Implement a Dynamic Programming Solution for Coin Change Problem

The coin change problem is a classic computer science puzzle that challenges you to find the minimum number of coins needed to make a given amount of change, using a set of available coin denominations. While brute-force approaches exist, they quickly become inefficient for larger amounts. Dynamic programming offers a more elegant and efficient solution. This post dives into implementing a dynamic programming solution for the coin change problem in Python.

Understanding the Coin Change Problem

Let’s formally define the problem:

Given a target amount amount and a list of coin denominations coins, find the minimum number of coins needed to make up the amount.
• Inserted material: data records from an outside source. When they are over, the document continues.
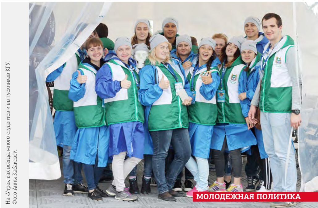
На «Утре», как всегда, много студентов и выпускников КГУ.

Федеральный образовательный форум «УТРО-2016» в этом году обосновался в молодом северном городе Нефтеюганске. На шесть дней инициативная молодежь из Челябинской, Тюменской, Курганской областей, ХМАО, ЯНАО объединилась для развития, обмена опытом и участия в грантовом конкурсе. Поток мыслей об этом событии удалось организовать в словарь форума.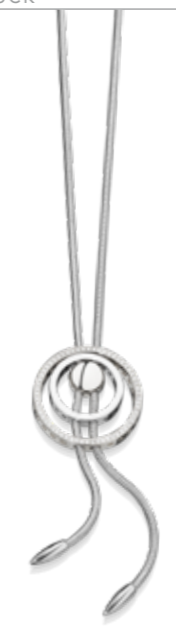
Evaine Finesse Roségold und Edelstahl mit Brillanten € 1.290,- Weißgold und Edelstahl mit Brillanten € 1.995,-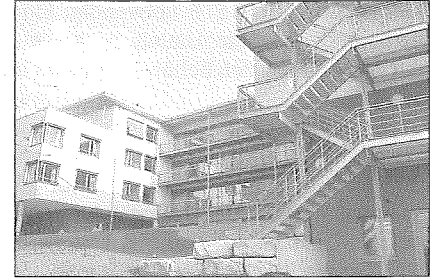
Seniorenzentrum St. Fridolin, Neubau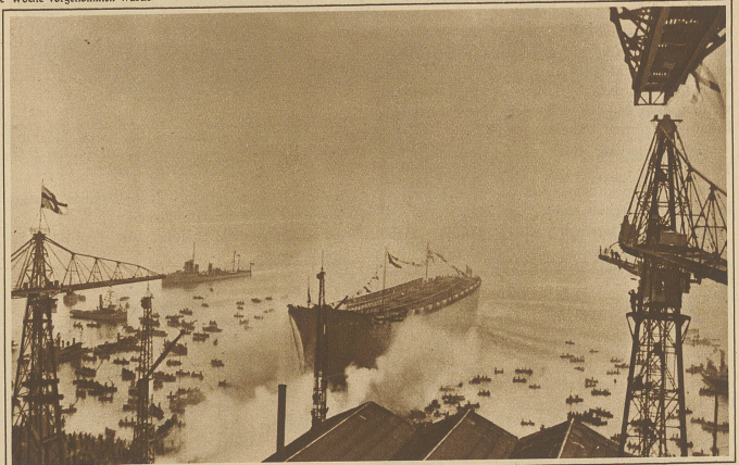
Der Stapellauf des größten italienischen Ueberschiffes "Roma". Am 26. Februar lief in Sestri Ponente bei Genua das größte italienische Ueberschiff von Stapel. Der Dampfer ist 213 Meter lang, hat 23 000 Tonnen Wasserverdrängung und eine Geschwindigkeit von 23 englischen Meilen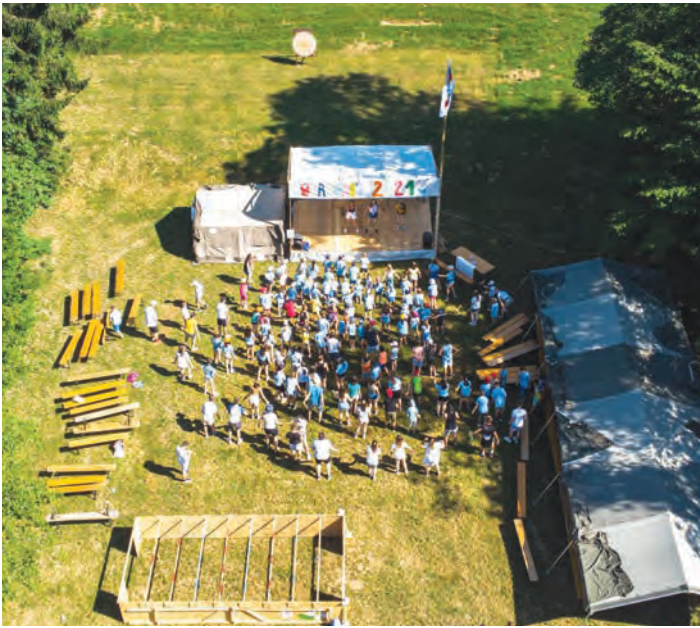
Glavno prizorišče oratorija.

nismo vedeli, v kakšni obliki bomo lahko izvedli oratorij oziroma ali ga sploh bomo.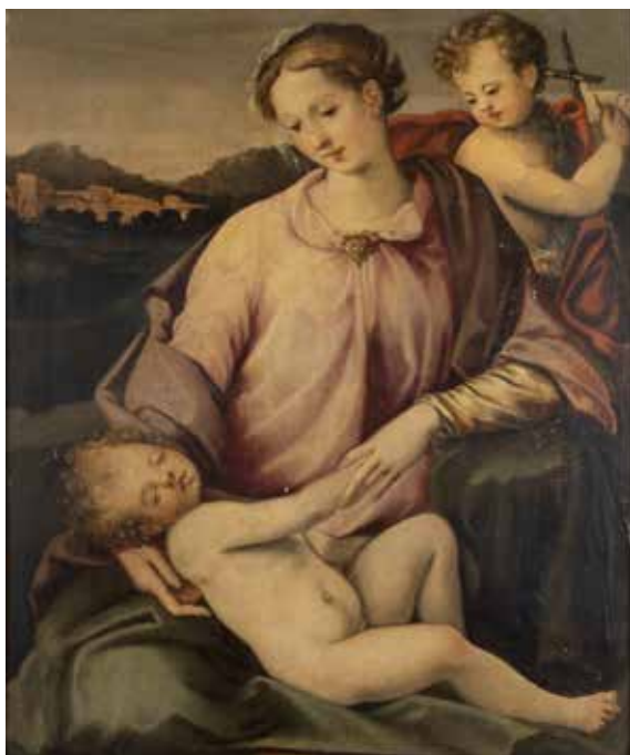
121 SCUOLA TOSCANA XVI Sec. "Madonna con Bambino e San Giovannino", olio su tavola, entro cornice 56,5x44,5 cm.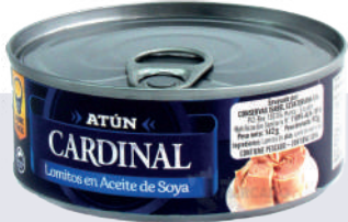
ATÚN CARDINAL LOMITOS *48 UNI 142 GR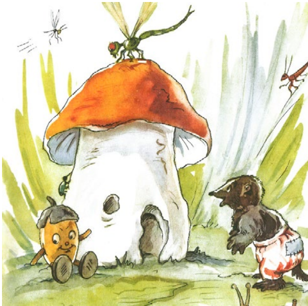
10. attēls. Margarita Stāraste. Zīļuks. Rīga, 1982.

Arī Margarita Stāraste saviem darbiem bija gan teksta, gan ilustrāciju autore. Ar viņas grāmatām izauguši vairāku paaudžu bērni ne tikai Latvijā, bet arī citās valstīs. Guaša un akvareļa tehnikā veidotajās košajās ilustrācijās ar smalki izzīmētām detaļām viņa dzīvē sastopamus dzīvniekus, augus un kukaiņus pārvērš brīnumainas pasaku valstības iemītniekos. Īpaši populāra ir Margaritas Stārastes pasaka par Zīļuku (10. attēls).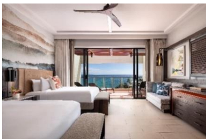
改装後のイメージ(オーシャンビュー)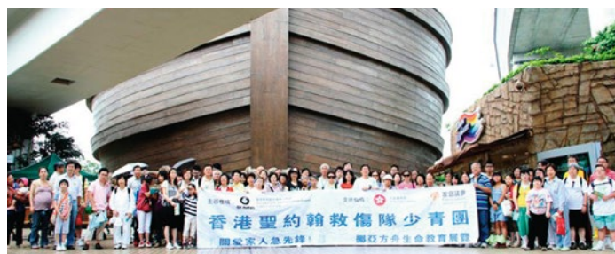
過百名少青團隊員及其家人一同到挪亞方舟進行生命教育之旅

2014年度之計劃亦已於八月展開，透過親子夏令營加強隊員之團體合作，並讓隊員與家人分享在制服團體生活中的經歷和體驗；同時透過球類同樂日，加強隊員及其家人間之合作能力及溝通技巧。此外，三月將舉辦家庭同樂日及SING SING同樂日，透過親子競技比賽、攤位遊戲及歌唱比賽等，讓長官、隊員及其家人與眾同樂，拉近隊員及家人的距離，增強他們之間的溝通，一同從輕鬆的氣氛中享受家庭樂。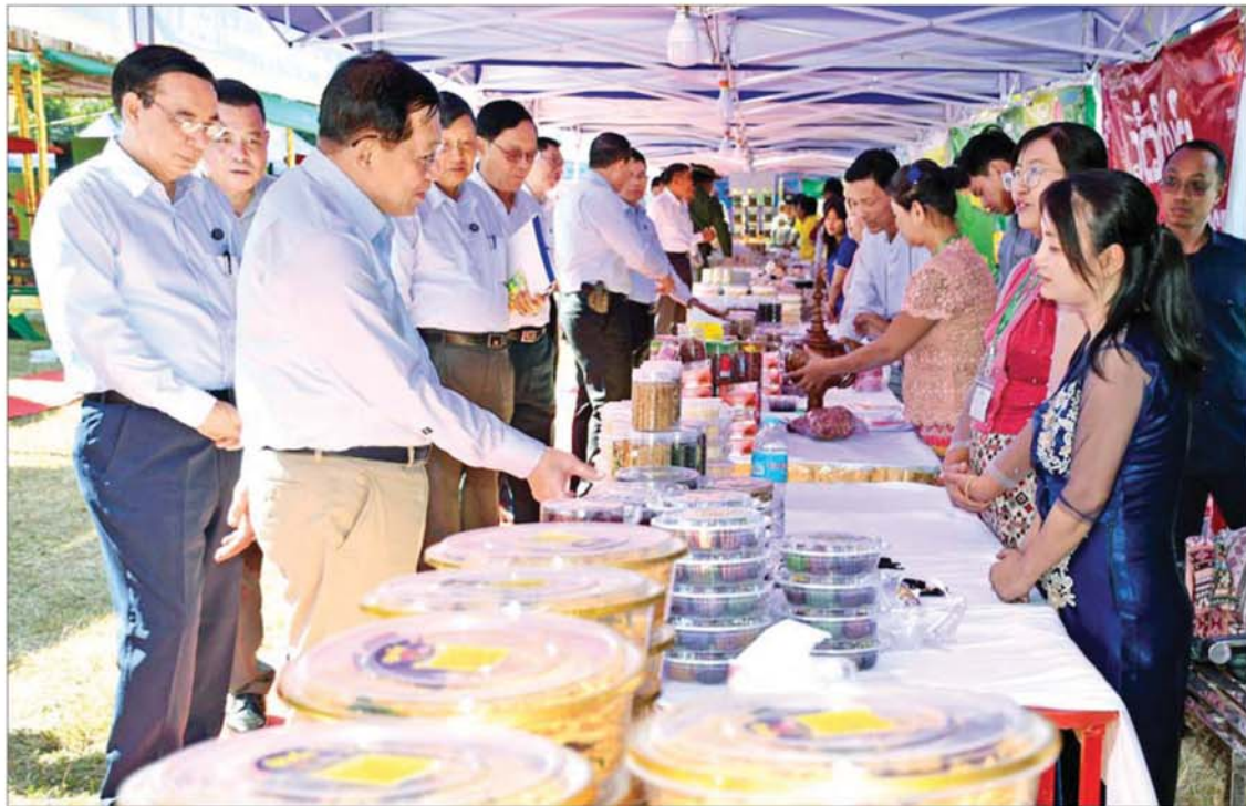
ပြည်ထောင်စုသမ္မတမြန်မာနိုင်ငံတော် ယာယီသမ္မတ နိုင်ငံတော်လုံခြုံရေးနှင့် အေးချမ်းသာယာရေးကော်မရှင်ဥက္ကဋ္ဌ ဗိုလ်ချုပ်မှူးကြီး မင်းအောင်လှိုင် ခင်းကျင်း ပြသထားသည့် ပြည်ခရိုင်အတွင်းရှိ အသေးစား၊ အငယ်စားနှင့် အလတ်စား (MSME) လုပ်ငန်းများမှ ထွက်ရှိသည့် ထုတ်ကုန်ပစ္စည်းများကို လှည့်လည်ကြည့်ရှုစဉ်။

နေပြည်တော် ၃၀ ဇူလိုင် ၂၀၂၅ - ပြည်ထောင်စုသမ္မတမြန်မာနိုင်ငံတော် ယာယီသမ္မတ နိုင်ငံတော်လုံခြုံရေးနှင့် အေးချမ်းသာယာရေးကော်မရှင် ဥက္ကဋ္ဌ ဗိုလ်ချုပ်မှူးကြီး မင်းအောင်လှိုင်သည် ပဲခူးတိုင်းဒေသကြီး ပြည်ခရိုင်အတွင်းရှိ ဌာနဆိုင်ရာတာဝန်ရှိသူများ၊ ရပ်မိရပ်ဖများ၊ အသေးစား၊ အငယ်စားနှင့် အလတ်စား (MSME) စီးပွားရေးလုပ်ငန်းရှင်များနှင့် ယနေ့နံနက်ပိုင်းတွင် ပြည်မြို့ သီရိဓမ္မရာ ရတနာမြို့တော်ခန်းမ၌ တွေ့ဆုံ၍ ဒေသဖွံ့ဖြိုးတိုးတက်ရေး ဆွေးနွေးပြောကြားသည်။ အဆိုပါတွေ့ဆုံပွဲသို့ နိုင်ငံတော်လုံခြုံရေးနှင့် အေးချမ်းသာယာရေးကော်မရှင် ဥက္ကဋ္ဌနှင့်အတူ ကော်မရှင်အတွင်းရေးမှူး ဗိုလ်ချုပ်ကြီး ရဲဝင်းဦး၊ ပြည်ထောင်စုဝန်ကြီးများ၊ ပဲခူးတိုင်းဒေသကြီးဝန်ကြီးချုပ်ဦးမျိုးဆွေဝင်း၊ ကာကွယ်ရေးဦးစီးချုပ်ရုံးမှ အဆင့်မြင့်တပ်မတော်အရာရှိကြီးများ၊ တောင်ပိုင်းတိုင်းစစ်ဌာနချုပ်တိုင်းမှူးနှင့်တာဝန်ရှိသူများ၊ ပြည်ခရိုင်အတွင်းရှိ ခရိုင်၊ မြို့နယ်အဆင့် ဌာနဆိုင်ရာ တာဝန်ရှိသူများ၊ မြို့မိ မြို့ဖများ၊ အသေးစား၊ အငယ်စားနှင့် အလတ်စား (MSME) စီးပွားရေးလုပ်ငန်းရှင်များ တက်ရောက်ကြသည်။

If it’s impossible to make the amount using the given coins, return -1.

For example:

amount = 11, coins = [1, 2, 5]: The minimum number of coins is 3 (five + five + one).
amount = 11, coins = [2, 5]: It’s impossible to make 11 using only 2 and 5. The result should be -1.

Dynamic Programming to the Rescue

Dynamic programming excels at solving problems with overlapping subproblems. The coin change problem fits this perfectly. We can break down the problem into smaller subproblems: finding the minimum number of coins to make smaller amounts. We store the solutions to these subproblems to avoid redundant calculations.

Python Implementation

Here’s a Python function that uses dynamic programming to solve the coin change problem:

def coin_change_dp(coins, amount):
    """
    Solves the coin change problem using dynamic programming.

    Args:
        coins: A list of coin denominations.
        amount: The target amount.

    Returns:
        The minimum number of coins needed to make the amount, or -1 if impossible.
    """

    dp = [float('inf')] * (amount + 1)  # Initialize DP array with infinity
    dp[0] = 0  # Base case: 0 coins needed to make amount 0

    for coin in coins:
        for i in range(coin, amount + 1):
            dp[i] = min(dp[i], dp[i - coin] + 1)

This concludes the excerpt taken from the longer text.